• _What needs to be done_: Word for word, the data below must be repeated in full; no picture is to be included.

• _Information provided_:
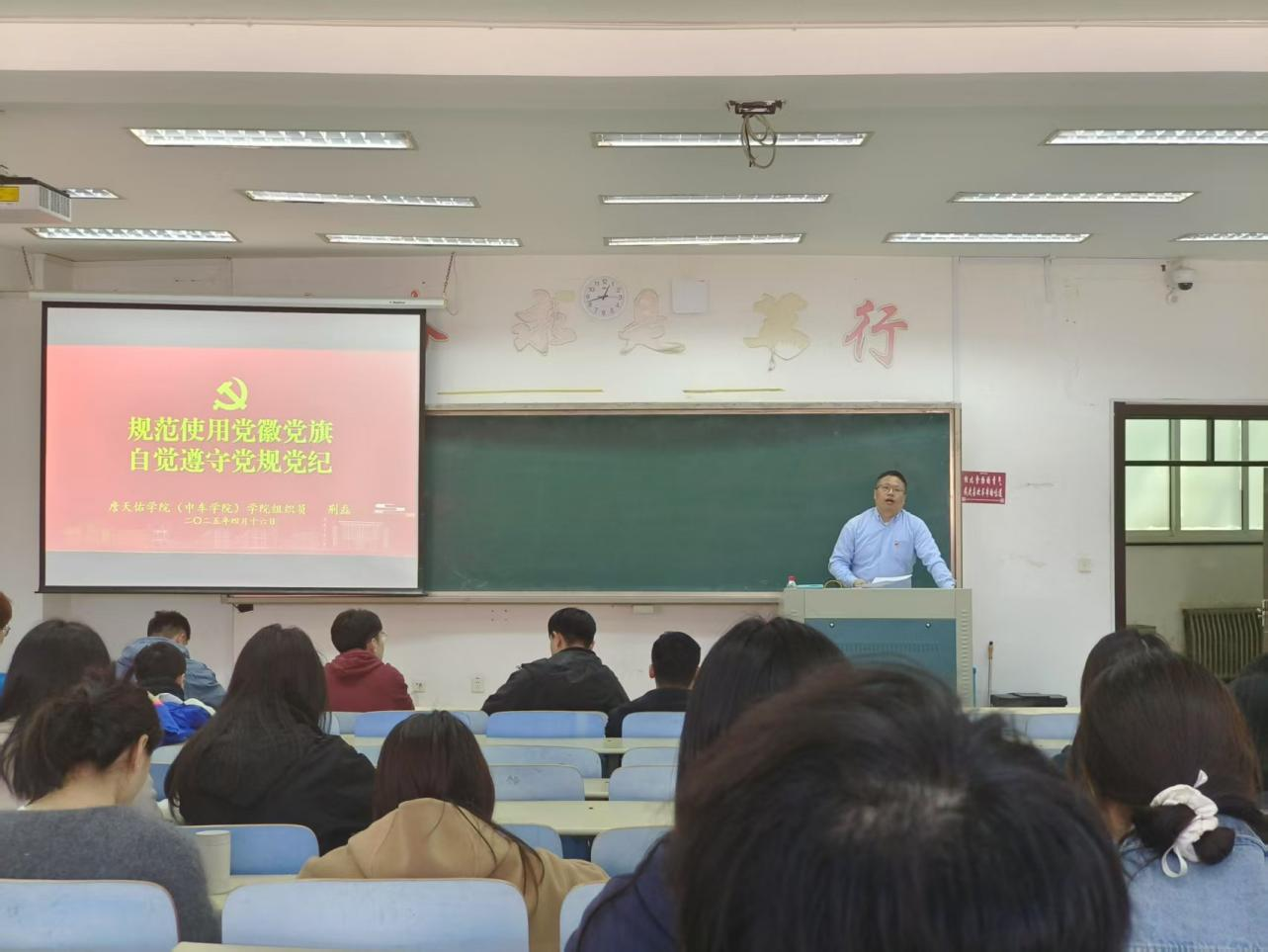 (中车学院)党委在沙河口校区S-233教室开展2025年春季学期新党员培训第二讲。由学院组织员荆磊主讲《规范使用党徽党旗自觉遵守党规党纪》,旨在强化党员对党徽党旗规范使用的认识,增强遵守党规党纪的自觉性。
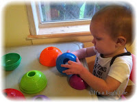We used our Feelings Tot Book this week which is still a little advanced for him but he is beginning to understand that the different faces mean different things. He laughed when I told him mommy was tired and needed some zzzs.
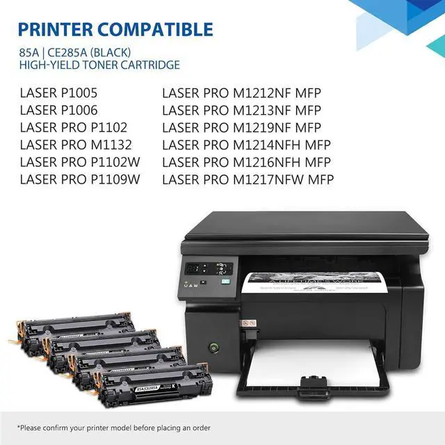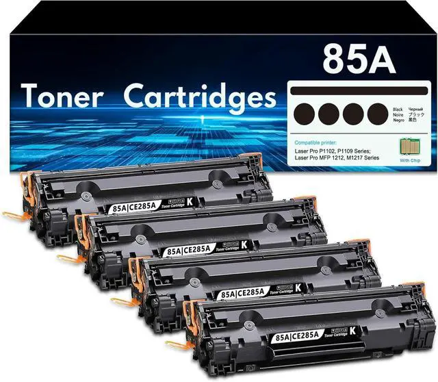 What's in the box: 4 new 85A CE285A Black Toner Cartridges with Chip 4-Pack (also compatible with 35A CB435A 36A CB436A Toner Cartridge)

• _Exercise result_:
 (中车学院)党委在沙河口校区S-233教室开展2025年春季学期新党员培训第二讲。由学院组织员荆磊主讲《规范使用党徽党旗自觉遵守党规党纪》,旨在强化党员对党徽党旗规范使用的认识,增强遵守党规党纪的自觉性。
We used our Feelings Tot Book this week which is still a little advanced for him but he is beginning to understand that the different faces mean different things. He laughed when I told him mommy was tired and needed some zzzs.
 What's in the box: 4 new 85A CE285A Black Toner Cartridges with Chip 4-Pack (also compatible with 35A CB435A 36A CB436A Toner Cartridge)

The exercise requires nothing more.